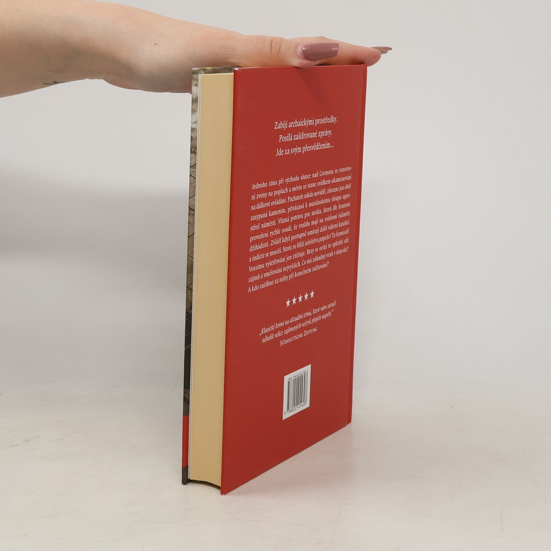 Zabíjí archaickými prostředky. Posílá zašifrované zprávy. Jde za svým přesvědčením. A má cíl… Jednoho rána při východu slunce nad Cormons se rozezvoní zvony na poplach a město se stane svědkem ukamenování na dálkové ovládání. Pachatele nikdo neviděl, zůstane jen oběť zasypaná kamením, přivázaná k mariánskému sloupu uprostřed náměstí. Vítaná potrava pro média, která dle krutosti provedení rychle soudí, že vraždu mají na svědomí islámští džihádisté. Zvlášť když postupně umírají další vážení katolíci a indicie se množí. Navíc se blíží návštěva papeže! To komisaři Vossimu vyšetřování jen ztěžuje. Brzy se ocitá ve spletité síti zájmů a vměšování nejvyšších. Co má záhadný vrah v úmyslu? A kdo zatáhne za nitky při konečném zúčtování?
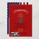 Unique retirement invitation for a fireman or Fire Chief. Design has a Firetruck with the custom engine number and an American Flag with the words firefighter. Use our template to add your party details.
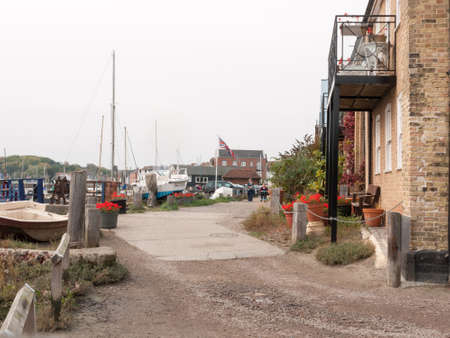 WOODBRIDGE, SUFFOLK, ENGLAND - APRIL 17, 2017: The River Deben at Woodbridge Quay with Tide Mill and Yachts.
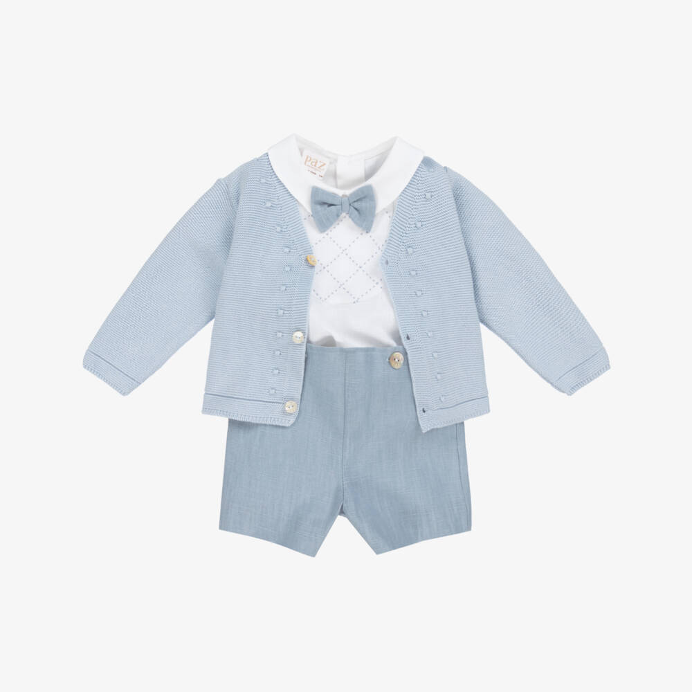 A traditionally styled ivory and blue shorts set for baby boys by Paz Rodríguez, ideal for a smarter occasion. The linen blend shirt has an attached bow tie and embroidery detailing. It attaches to the coordinating shorts with branded mother-of-pearl buttons for a neat, tucked-in look. A softly knitted cardigan completes the charming outfit.
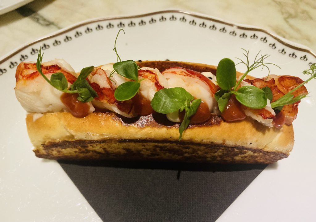 Weiter geht es mit einer Lobster Roll, einem Hummerschwanz im buttrigen Brioche mit einer präzise abgeschmeckten Sesame-Mayonnaise. Hummer mit Biss und Geschmack, doch gegen das gar groß dimensionierte Brötchen kommt das edle Getier nicht an (28 €).
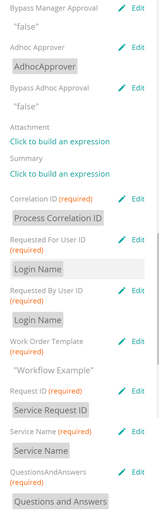 Work Order Templateproperty which needs to be the name of the work order template used for this request, the required fields can be populated with values from yourcontextvariable.
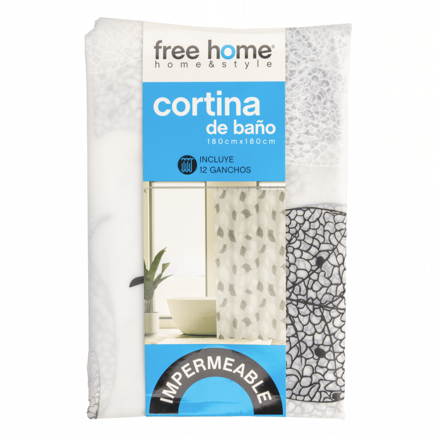 Cortina de baño FREE HOME, ideal para mantener tu baño seco y darle un toque fresco y natural. Características - Material resistente y duradero - Medidas 180x180 cm - Incluye aros para fácil instalación - Protege el área de la ducha del agua Incluye - Cortina de baño, 1 pieza - Aros de instalación, 1 set
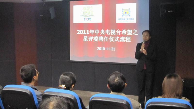 为了让选手们展现出更好的风采,赛出更高的水平,南京组委会在大赛评委的筛选工作上下足了功夫。作为南京赛区的主办单位,环亚西文现代英语走访了南京市各重点大学、高中,积极与英语学科的负责老师联系,最终确定了15人的评审团并于2010年11月22日举行了评委聘书发放仪式。
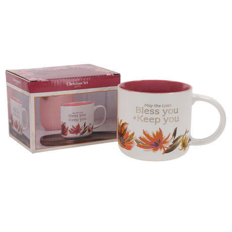 May the Lord Bless You and Keep You Floral Ceramic Mug with Pink Interior

[Work instruction]: Your answer must be an exact copy of every entry, with the pictures left out.

[Response to the exercise]:
 Zabíjí archaickými prostředky. Posílá zašifrované zprávy. Jde za svým přesvědčením. A má cíl… Jednoho rána při východu slunce nad Cormons se rozezvoní zvony na poplach a město se stane svědkem ukamenování na dálkové ovládání. Pachatele nikdo neviděl, zůstane jen oběť zasypaná kamením, přivázaná k mariánskému sloupu uprostřed náměstí. Vítaná potrava pro média, která dle krutosti provedení rychle soudí, že vraždu mají na svědomí islámští džihádisté. Zvlášť když postupně umírají další vážení katolíci a indicie se množí. Navíc se blíží návštěva papeže! To komisaři Vossimu vyšetřování jen ztěžuje. Brzy se ocitá ve spletité síti zájmů a vměšování nejvyšších. Co má záhadný vrah v úmyslu? A kdo zatáhne za nitky při konečném zúčtování?
 Unique retirement invitation for a fireman or Fire Chief. Design has a Firetruck with the custom engine number and an American Flag with the words firefighter. Use our template to add your party details.
 WOODBRIDGE, SUFFOLK, ENGLAND - APRIL 17, 2017: The River Deben at Woodbridge Quay with Tide Mill and Yachts.
 A traditionally styled ivory and blue shorts set for baby boys by Paz Rodríguez, ideal for a smarter occasion. The linen blend shirt has an attached bow tie and embroidery detailing. It attaches to the coordinating shorts with branded mother-of-pearl buttons for a neat, tucked-in look. A softly knitted cardigan completes the charming outfit.
 Weiter geht es mit einer Lobster Roll, einem Hummerschwanz im buttrigen Brioche mit einer präzise abgeschmeckten Sesame-Mayonnaise. Hummer mit Biss und Geschmack, doch gegen das gar groß dimensionierte Brötchen kommt das edle Getier nicht an (28 €).
 Work Order Templateproperty which needs to be the name of the work order template used for this request, the required fields can be populated with values from yourcontextvariable.
 Cortina de baño FREE HOME, ideal para mantener tu baño seco y darle un toque fresco y natural. Características - Material resistente y duradero - Medidas 180x180 cm - Incluye aros para fácil instalación - Protege el área de la ducha del agua Incluye - Cortina de baño, 1 pieza - Aros de instalación, 1 set
 为了让选手们展现出更好的风采,赛出更高的水平,南京组委会在大赛评委的筛选工作上下足了功夫。作为南京赛区的主办单位,环亚西文现代英语走访了南京市各重点大学、高中,积极与英语学科的负责老师联系,最终确定了15人的评审团并于2010年11月22日举行了评委聘书发放仪式。
 May the Lord Bless You and Keep You Floral Ceramic Mug with Pink Interior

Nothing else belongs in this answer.